How Agent Memory Got an Architecture

A deep-dive guide on the emerging engineering discipline of agent memory — budget tiers, shared memory banks, empirical grounding, and temporal knowledge graphs.

In January, we described the goldfish brain problem — the fundamental memory limitation that makes AI agents forget everything between sessions, lose track of multi-step tasks, and repeat the same mistakes. That post asked a question that anyone building long-running agents has confronted: what memory architecture actually scales?

This month, four independent research efforts started answering.

Between February 3 and February 7, 2026, papers appeared on arxiv proposing budget-tiered memory routing, learned admission control for shared memory banks, a 9,649-experiment empirical study of what actually matters in context engineering, and a multi-agent memory framework that customizes memories per agent role. Taken together with recent work on temporal knowledge graphs, these results outline something that did not exist six months ago: a coherent architecture for agent memory.
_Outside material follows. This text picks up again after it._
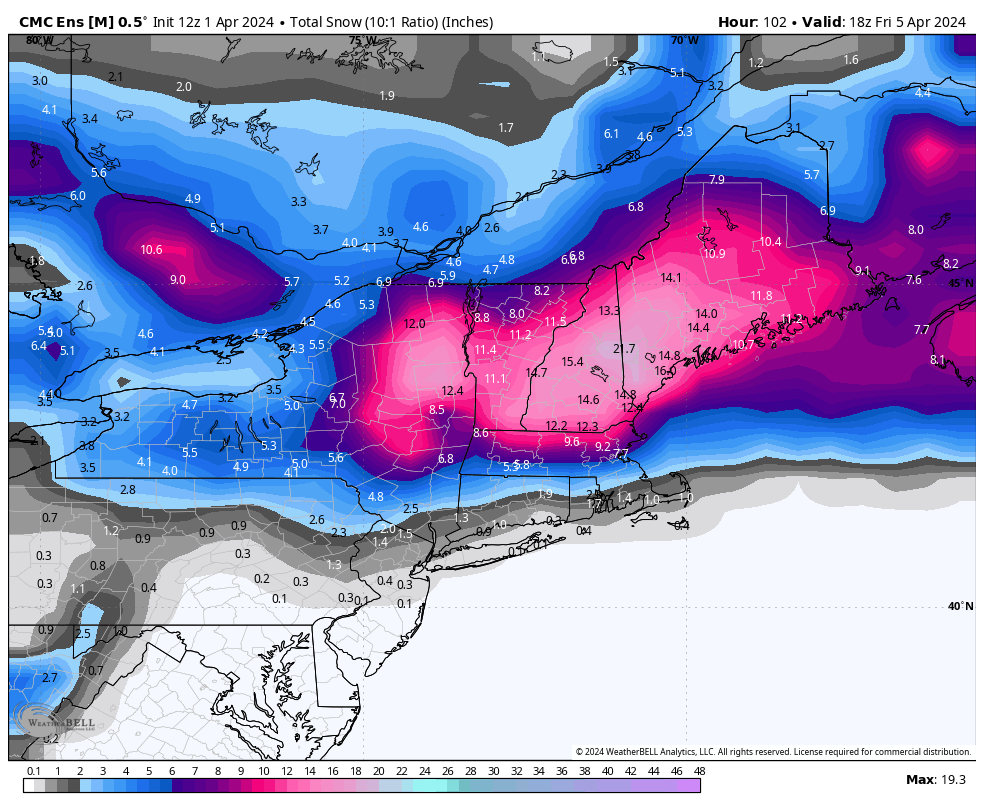 Therefore I’m going to leave the ensembles as the visual today…as run to run numbers are varying drastically. This is valid through 2pm on Friday.

This guide maps that emerging architecture. If you are building agents that need to remember things — which is to say, any agent doing real work — this is the landscape as of early February 2026.

The Memory Landscape Before These Papers

For the past eighteen months, retrieval-augmented generation has been the default memory architecture for LLM agents. The recipe is familiar: chunk your documents, embed them into vectors, store them in a vector database, and retrieve the top-k most similar chunks at query time using cosine similarity.

RAG works. It solved the immediate problem of giving models access to information beyond their training data. But as agents moved from simple question-answering to multi-step workflows spanning hours or days, the limitations became structural.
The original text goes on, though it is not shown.